START ENTRIES PROVIDED

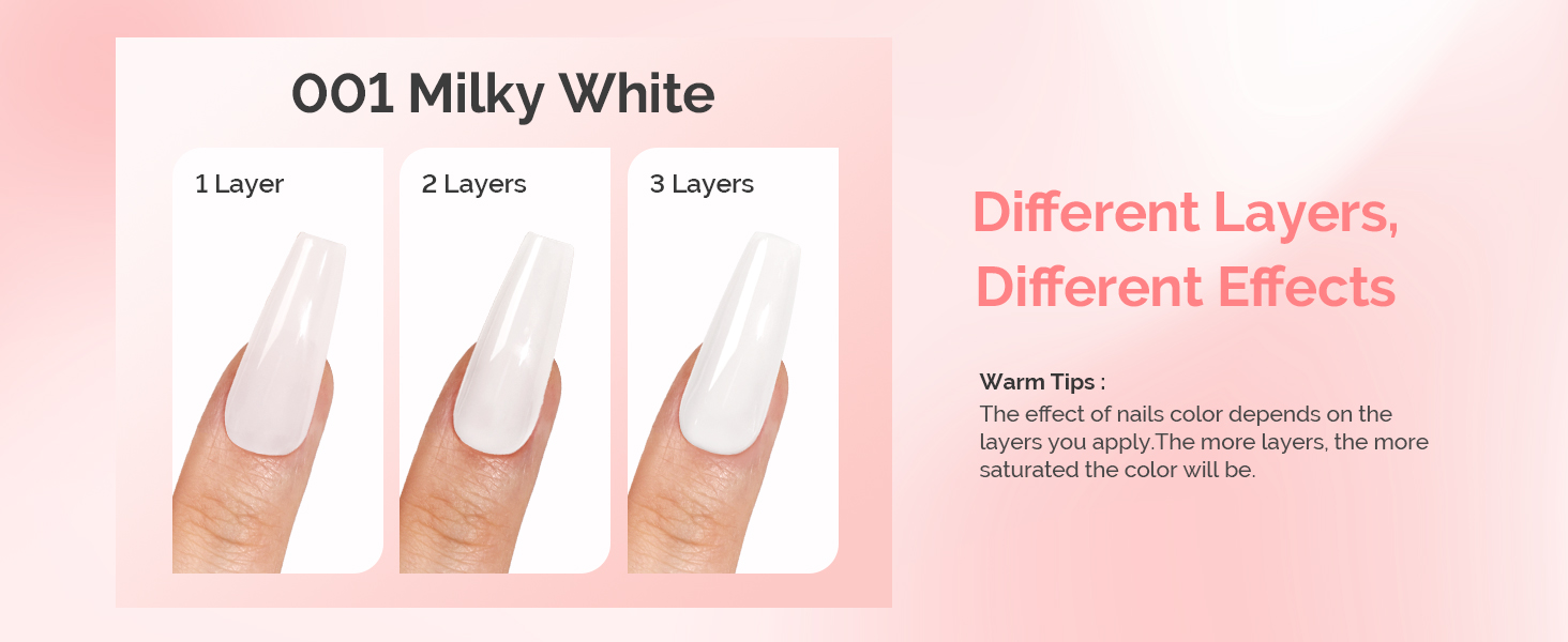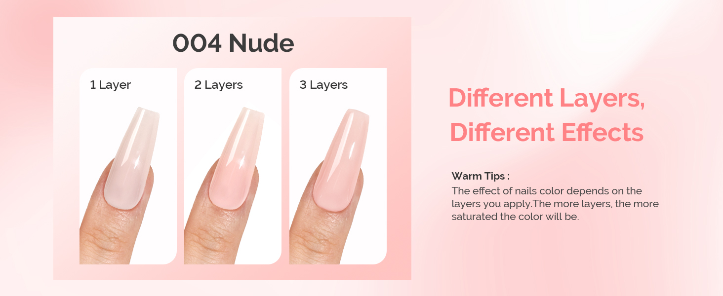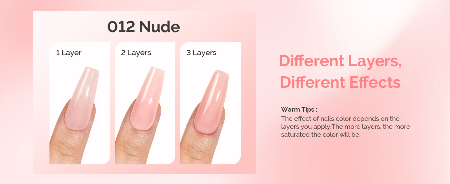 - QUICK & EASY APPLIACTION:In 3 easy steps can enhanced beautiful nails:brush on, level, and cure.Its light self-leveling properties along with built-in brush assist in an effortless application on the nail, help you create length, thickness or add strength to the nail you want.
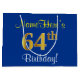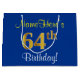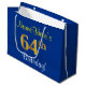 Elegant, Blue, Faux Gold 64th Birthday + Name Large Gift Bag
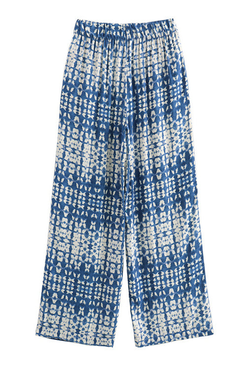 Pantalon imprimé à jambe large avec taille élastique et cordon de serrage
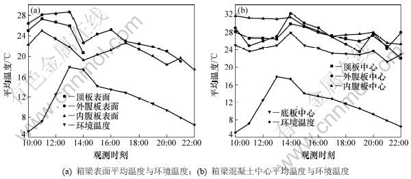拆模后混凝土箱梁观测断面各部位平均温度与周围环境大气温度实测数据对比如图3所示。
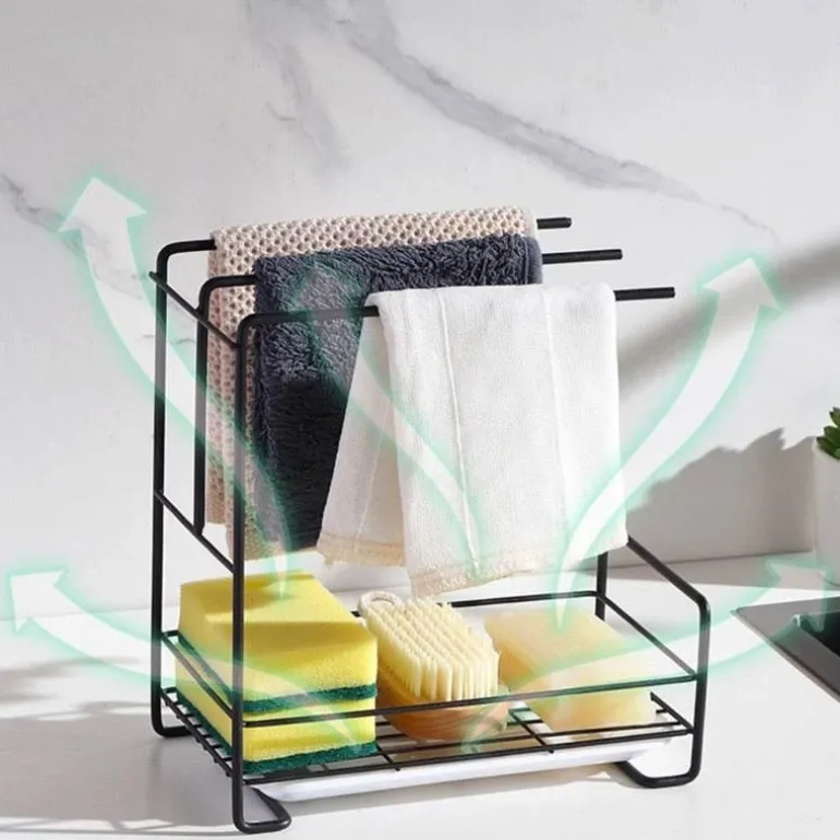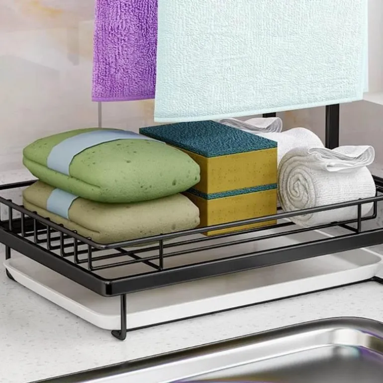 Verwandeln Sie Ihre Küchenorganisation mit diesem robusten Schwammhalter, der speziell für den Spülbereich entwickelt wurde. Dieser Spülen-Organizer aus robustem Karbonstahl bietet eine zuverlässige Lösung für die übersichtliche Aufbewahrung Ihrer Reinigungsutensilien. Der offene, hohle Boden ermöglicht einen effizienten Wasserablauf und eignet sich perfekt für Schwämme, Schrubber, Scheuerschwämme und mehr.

END ENTRIES PROVIDED

- TRY IT
Your task is to restate word for word the lines from the one containing "Elegant, Blue, Faux" through the last line of the data, both ends included, with no pictures.

- RESPONSE AREA
 Elegant, Blue, Faux Gold 64th Birthday + Name Large Gift Bag
 Pantalon imprimé à jambe large avec taille élastique et cordon de serrage
拆模后混凝土箱梁观测断面各部位平均温度与周围环境大气温度实测数据对比如图3所示。
 Verwandeln Sie Ihre Küchenorganisation mit diesem robusten Schwammhalter, der speziell für den Spülbereich entwickelt wurde. Dieser Spülen-Organizer aus robustem Karbonstahl bietet eine zuverlässige Lösung für die übersichtliche Aufbewahrung Ihrer Reinigungsutensilien. Der offene, hohle Boden ermöglicht einen effizienten Wasserablauf und eignet sich perfekt für Schwämme, Schrubber, Scheuerschwämme und mehr.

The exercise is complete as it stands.